Ask.Cyberinfrastructure

Understanding SLURM accounting fields

As many of our HPC sites are using SLURM, I wonder if somebody has taken time to write down the meaning of the accounting fields spitted out by SLURM’s sacct command. Its own manual page is very terse:

https://slurm.schedmd.com/sacct.html

It lists all the available fields but no explanation whatsoever. For example, what is the unit time of “ElapsedRaw” field (apparently it is in seconds). What’s the difference between “JobID” and “JobIDRaw”? Things along this line is what I am looking for. I would like to be able to analyze the accounting fields manually. While there exists tools such as XDMOD to provide many aggregate quantities, I would like to be able to do a “deep drill” into the accounting data directly.

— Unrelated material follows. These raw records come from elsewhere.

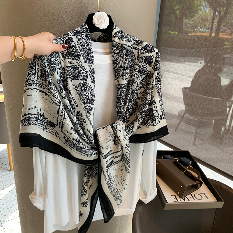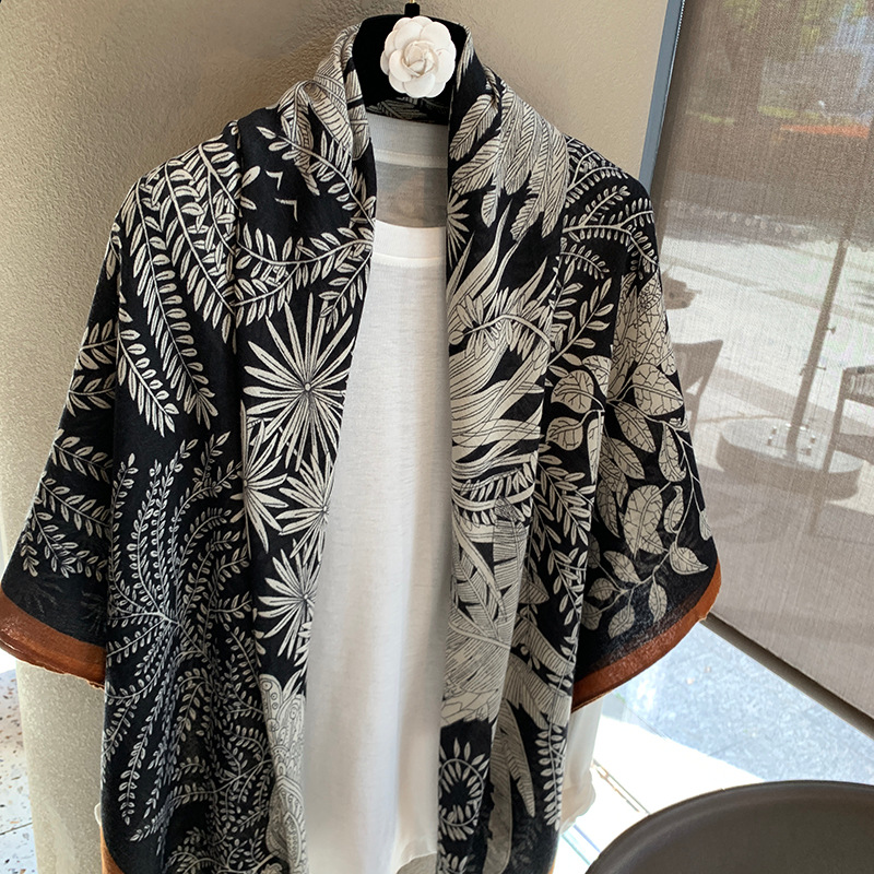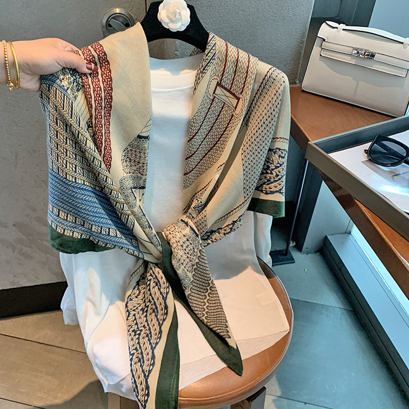 여성을위한 열대 우림 대형 사각형 스카프 2025 봄과 여름 새로운 스타일 스카프 에어컨 룸 외부 목도리 여행 태양 보호 실크 스카프스토어 가기
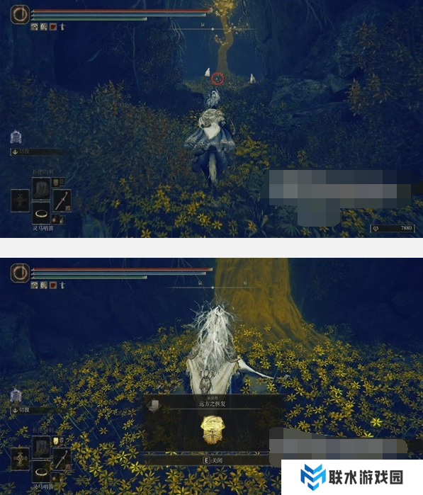 2、进入洞穴走不了多远就能看到一个小黄金树,击败周围的三个调香师并拾取前方的光点即可获得祷告【远方之恢复】。
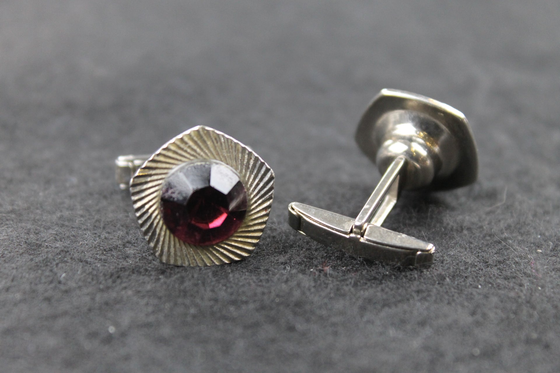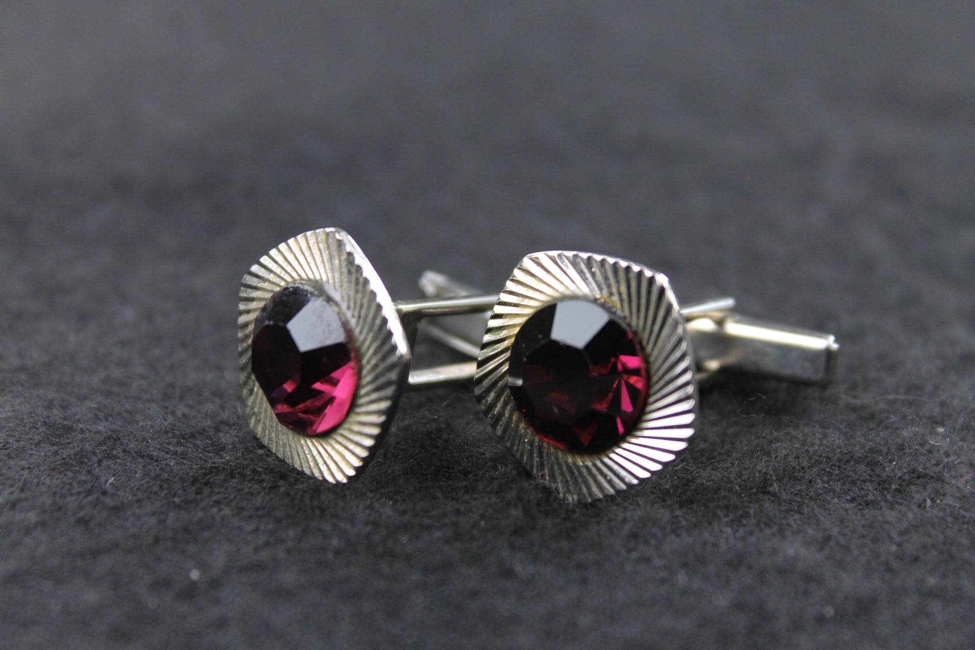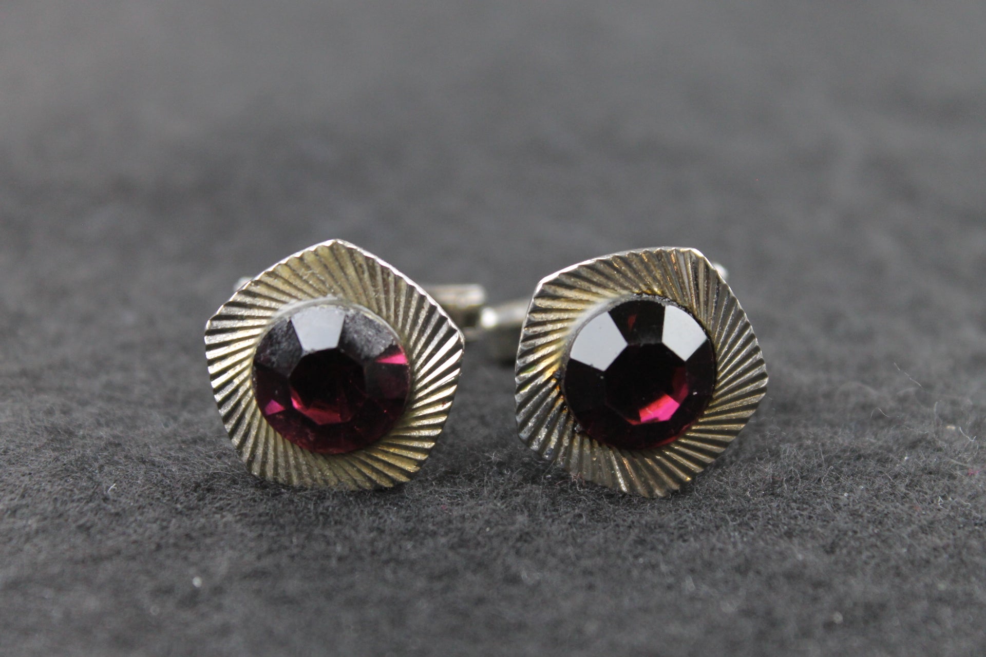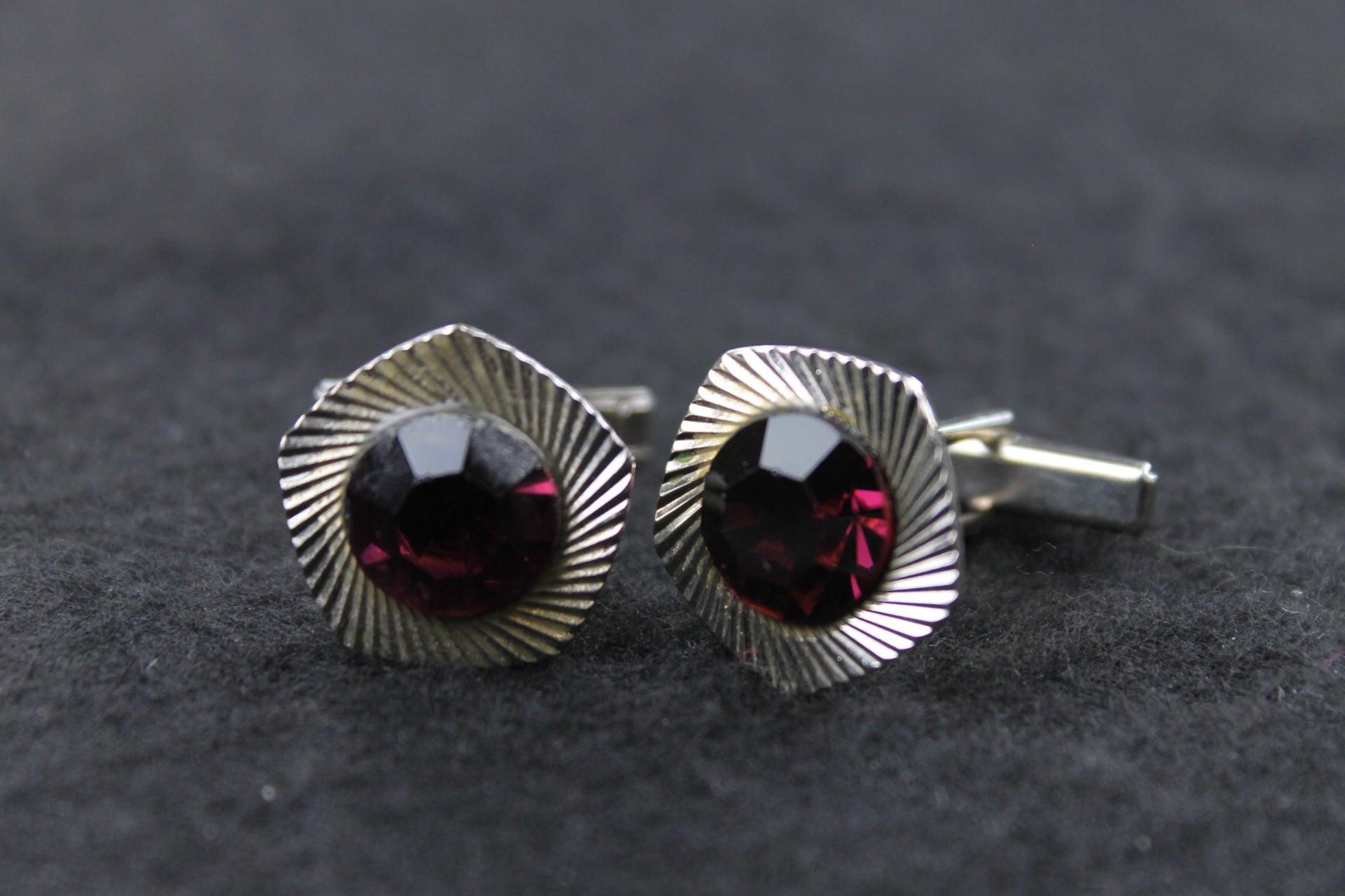 Vintage Purple Lucite Faceted Gem Cufflinks
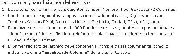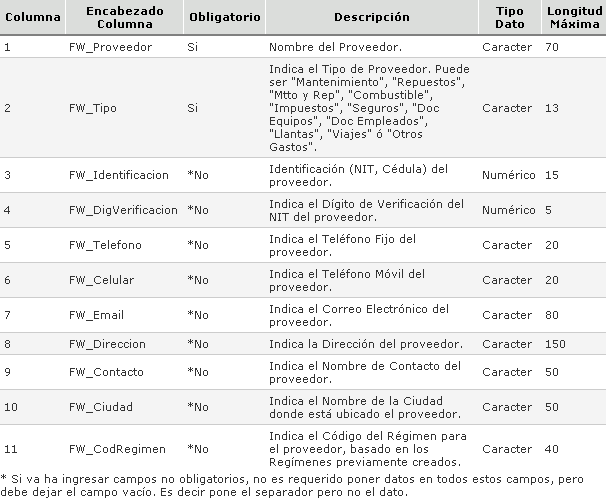 Si usted ya posee el listado de Proveedores de su empresa en algún archivo o en una aplicación externa que pueda exportarlas a un archivo, cloudFleet ofrece la posibilidad de importar esa información directamente desde un archivo plano evitando así la creación manual de las mismas.
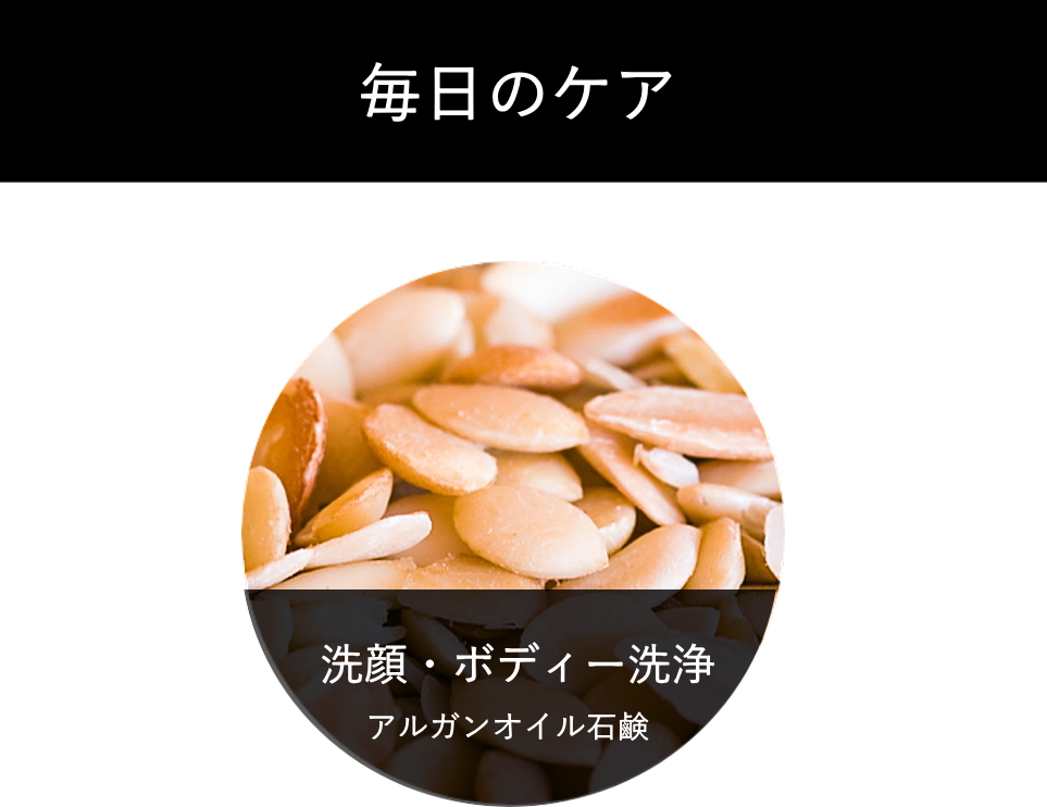 25000年の年月を生き抜いたアルガン樹は、モロッコ南西部にのみ生殖しています。アルガンの実は2年に1度しか実りません。1本のアルガン樹でおよそ30キロの実が取れますが、たった1リットルのアルガンオイルしか抽出できません。アルガン樹は1998年、ユネスコ世界文化遺産に指定されました。豊富なビタミンEとオレイン酸が含まれ、美容だけでなく食用としても注目されています。
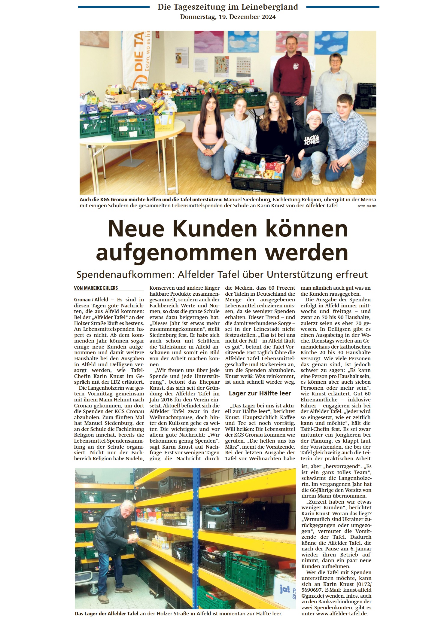 Artikel aus der Leine-Deister-Zeitung (Donnerstag, 19. Dezember 2024)
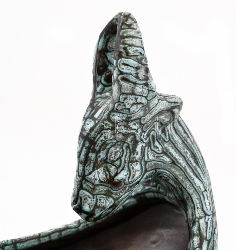 Gorka Iparművészeti Vállalatos kosfejes kínáló, repesztett mázas, jelzett, hibátlan m:18 cm

hey @wirawan0 did you see this section?

https://slurm.schedmd.com/sacct.html#OPT_ALL

For example, if you look at “Elapsed” it shows the format of the time. And then for JobID vs JobIDRaw:

JobID
The number of the job or job step. It is in the form: job.jobstep.

JobIDRaw
In case of job array print the JobId instead of the ArrayJobId. For non job arrays the output is the JobId in the format job.jobstep.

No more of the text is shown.